# Red tegu breeders



## Joe white (Aug 10, 2014)

*I NEED HELP*
I've been looking into getting a red argentine tegu but can't find any breeders in the uk. If anyone knows of any or any breeders that send tegus to the uk it would be greatly appreciated.


----------



## Joe white (Aug 10, 2014)

If there aren't any is there any breeders of other tegu types in the uk. Btw I live in the ne of England . Newcastle


----------



## Josh (Aug 12, 2014)

I don't know of any specifically that are located in the UK. Have you tried asking the usual suspects in the US if they will ship?


----------



## Joe white (Aug 13, 2014)

Josh said:


> I don't know of any specifically that are located in the UK. Have you tried asking the usual suspects in the US if they will ship?


i have found ones that ship but tegus come under the CITES Act which meens lot of paperwork and alot of time and money


----------



## gavti (Aug 20, 2014)

Their is breeders in the uk but it's if they have had any joy breeding them....reds apparently used to be cheaper and easy to get and are now more expensive and harder to come by....

I'm also from newcastle so if u want a red I know team reptiles def had/has 2....that "arnt for sale" unless you have a handful of cash.....

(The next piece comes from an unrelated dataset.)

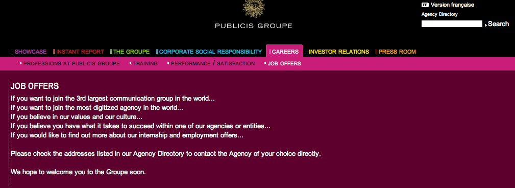 De internationale pagina van Publicis is net zo'n drama als die van de andere twee. Ze willen heel graag dat je voor ze komt werken, maar je moet zelf op een ander deel van de site (zonder link) zoeken welk kantoor je moet hebben en dan daar verder zoeken.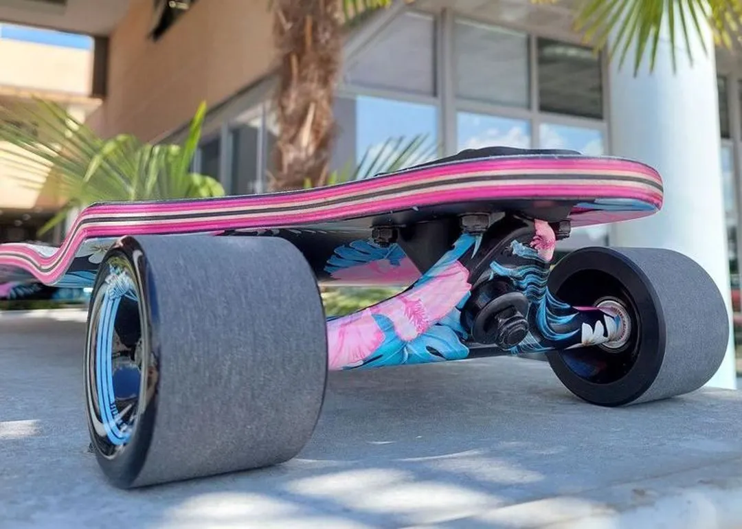 Большие и мягкие колеса на лонгбордах обеспечивают большую скорость и стабильность практически на всех поверхностях, выбираемые райдером. Они также амортизируют небольшие препятствия на дороге, такие как камешки, ветки и трещины, обеспечивая тем самым более плавную езду.

Your next bet is to speak to Paul at seaham pets and gardens. Great bloke and will try his best to get you what you want.(also sweet collection of monitors and tegus)
And finally blaydon exotics....they seem to always have a turn around of tegus, again "not for sale" unless you have a handful of cash hence the 2 reds now at team reptiles, seen Colombian b n w.... Arg b n w and a gold sold from their...

Hope that helps......also know a German breeder of blues like mine but again with cities your looking at a fortune


----------



## Christian Broesbøl Heise (Sep 11, 2014)

i know of a guy named Bertie Manning Nichol who just had a succesful clutch of reds  Look him up on Facebook


----------



## laurarfl (Dec 27, 2014)

Renske and Jan at Quolibet have gorgeous tegus http://www.tegubreeder.com/about-us/#


----------